Support vector machine with adaptive parameters in financial time series forecasting.

L J Cao1, F H Tay

  • 1Dept. of Mech. Eng., Nat. Univ. of Singapore, Singapore.

IEEE Transactions on Neural Networks
|February 5, 2008
PubMed
Summary
This summary is machine-generated.

Support vector machines (SVM) show strong potential for financial forecasting, outperforming back-propagation neural networks.

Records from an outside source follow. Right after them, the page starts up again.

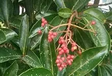 日本珊瑚树 Zabel ex Rumpl.)是忍冬科荚蒾属植物,常绿灌木或小乔木,高10米左右。 树冠倒卵形,枝干挺直,树皮灰褐色,具有圆形皮孔。叶对生,表面暗绿色,常年苍翠欲滴。 。圆锥花序通…全部>>
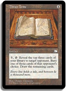<5,T>: Reveal the top three cards of your library to target opponent. Bury one of those cards of that opponent's choice. Draw the remaining cards.
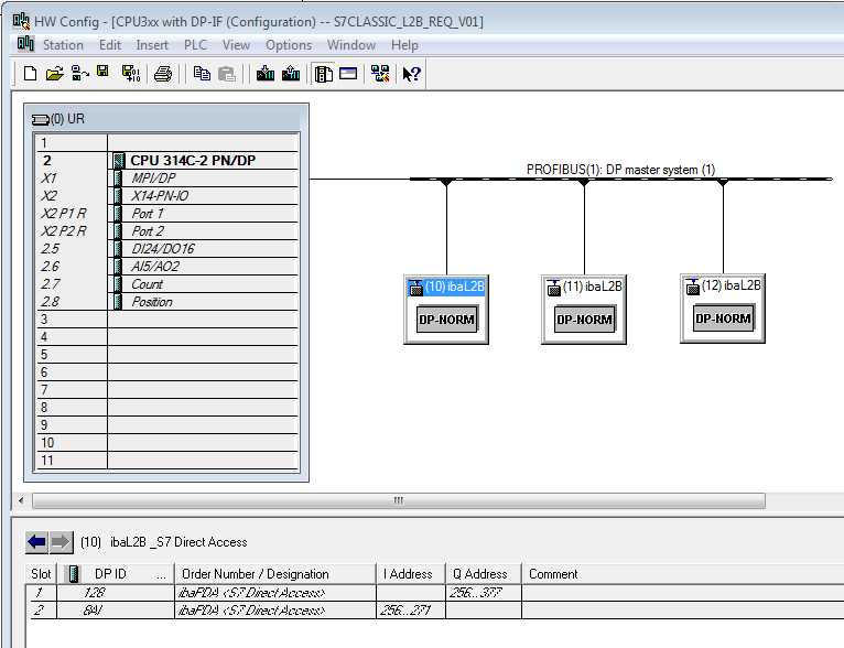 Attach the desired number of DP slaves "ibaL2B <S7 Direct Access>" to the PROFIBUS and set the DP addresses. The peripheral addresses are assigned automatically to the slaves as addresses in ascending order.
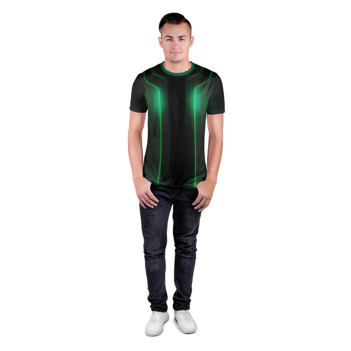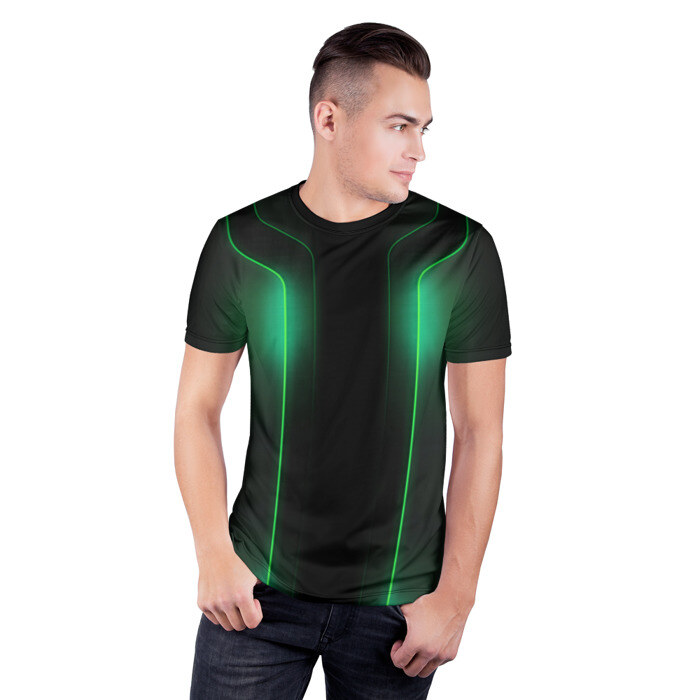 Футболка из синтетической премиум-ткани с улучшенными характеристиками: лучше пропускает воздух, влагу и быстро высыхает от тепла тела. Тянется, но сохраняет форму. За счет этих свойств особенно хороша для занятий спортом, но подойдет и для повседневной носки. Силуэт приталенный, ориентирован на мужчин с широкими плечами и узкими бедрами: понравится тем, кто хочет подчеркнуть достоинства своего торса и любит футболки “по фигуре”.  На ощупь футболки очень мягкие и приятные. Принт наносится по всей поверхности, можно заказать со своим дизайном.
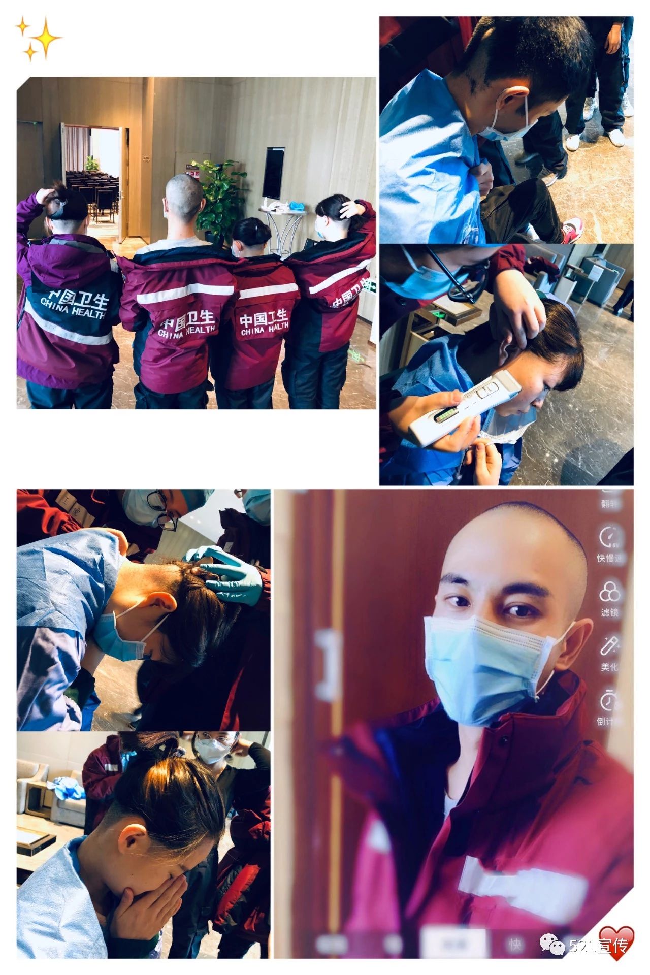 秀麗的長發、帥氣的發型,對于年輕人保持美好形象十分重要,看著心愛的頭發一點點剪下,隊員們卻說:“短點、再短點,大不了再長唄!”“和疫情相比,這點犧牲實在不算什么。”
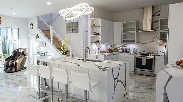 Must see, exceptionally spacious and beautifully “Design Award” winning rebuilt and recently curated “like new”, two structures, and two story Circa 1930’s Spanish Revival Style Historic House, about 4,300 sq ft, 7 bedrooms, 7-1/2 bathrooms, two kitchens, in the heart of East Hollywood Lakes seating on a 21,200 sq ft fenced-in double lot, main road and alley access, 8-car fenced three different carports, multiple angle security camera system, detached “Pool front Cabana” perfect for family gatherings & entertaining, equipped with Control4 smart system commands, and subwoofer enhanced sound system, full independent kitchen, high end appliances, Italian cabinets, Spanish Neolith porcelain counter tops, plenty of storage and closet space, natural gas & plumbing outside grilling area ready, Gazebo covered natural gas Fire Pit, Hot-Cold Plunge, Outdoor Sauna, Outdoor Shower, privacy fenced-in self vacuum, bubbler, water jet, lit below ground oversized multi level pool, beautifully landscaped 3 gardens, outdoor Control4 operated multi zone sound and lighting systems. The main house has an amazing Italian cabinet oversized kitchen, smart state of the art appliances with a 48” semi professional gas stove, pot filler, wine cooler, hidden wall refrigerator-freezer, dishwasher, multiple ovens, built in smart coffee maker, Spanish Neolith Porcelain counter tops, pantry, laundry and private maids quarters.
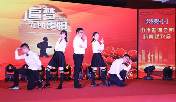 聯(lián)歡會(huì)以震撼炫目的燈光秀和熱鬧喜慶的賀歲舞獅拉開序幕,在隨后兩個(gè)多小時(shí)里,公司員工各展才藝,精彩節(jié)目輪番上演,有根據(jù)日常工作改編的歌舞《中水進(jìn)行曲》和小品《面試》、曼妙精彩的舞蹈《芒種》《萬(wàn)物生》、歡快動(dòng)聽的對(duì)唱《一個(gè)像夏天一個(gè)像秋天》《小幸運(yùn)》《光輝歲月》、幽默搞笑的相聲《慢性子》《酒后軼事》、激情澎湃的詩(shī)朗誦《治淮新時(shí)代》、款款深情的獨(dú)唱《最初的夢(mèng)想》以及豫劇《洼洼地里好莊稼》、創(chuàng)意魔術(shù)秀等,此外淮河工會(huì)也為公司帶來了舞蹈節(jié)目《巧手助力扶貧忙》。節(jié)目中間還穿插著激動(dòng)人心的抽獎(jiǎng)環(huán)節(jié),帶給現(xiàn)場(chǎng)員工驚喜連連。最后聯(lián)歡會(huì)在氣勢(shì)恢宏的大合唱《我和我的祖國(guó)》中圓滿落下帷幕,整場(chǎng)晚會(huì)喜慶洋溢、精彩紛呈,給在場(chǎng)的所有人帶來了一場(chǎng)精彩的視聽盛宴。
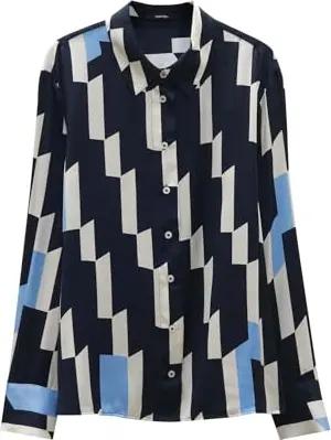 Damen Kurzarmbluse | Printbluse ZINNOVA Loose in Satin Optik Ocean, 38
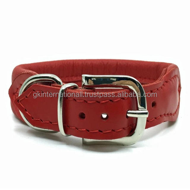New Arrival Dog Accessories Pet Supplies Wholesale Custom Red Leather Dog Collar with Cow Softy Padding Stitched & Brass Fitting

Adaptive parameters enhance SVM performance and reduce support vectors for better financial time series prediction.

Related Experiment Videos

Area of Science:

  • Computational intelligence
  • Machine learning applications
  • Financial econometrics

Background:

  • Support vector machines (SVM) are advanced learning machines with notable generalization performance.
  • SVMs are increasingly applied beyond pattern recognition to areas like regression estimation.
  • Financial time series forecasting presents unique challenges due to nonstationarity.

Purpose of the Study:

  • To evaluate the efficacy of SVM for financial time series forecasting.
  • To compare SVM performance against established neural network models.
  • To investigate the impact of SVM parameters and propose adaptive solutions.

Main Methods:

  • Comparative analysis of SVM, multilayer back-propagation (BP) neural networks, and regularized radial basis function (RBF) neural networks.
  • Experimental investigation of SVM free parameter sensitivity.
  • Development and application of adaptive SVM parameters incorporating time series nonstationarity.
  • Utilized futures contract data from the Chicago Mercantile Market.

Main Results:

  • SVM demonstrated superior performance compared to BP neural networks in financial forecasting.
  • SVM exhibited comparable generalization performance to regularized RBF neural networks.
  • SVM's generalization performance is significantly influenced by its free parameters.
  • Adaptive SVM parameters led to improved generalization and reduced support vector usage.

Conclusions:

  • SVM is a viable and effective tool for financial time series forecasting.
  • Adaptive parameterization is crucial for optimizing SVM in nonstationary financial markets.
  • The proposed adaptive SVM approach offers enhanced predictive accuracy and efficiency.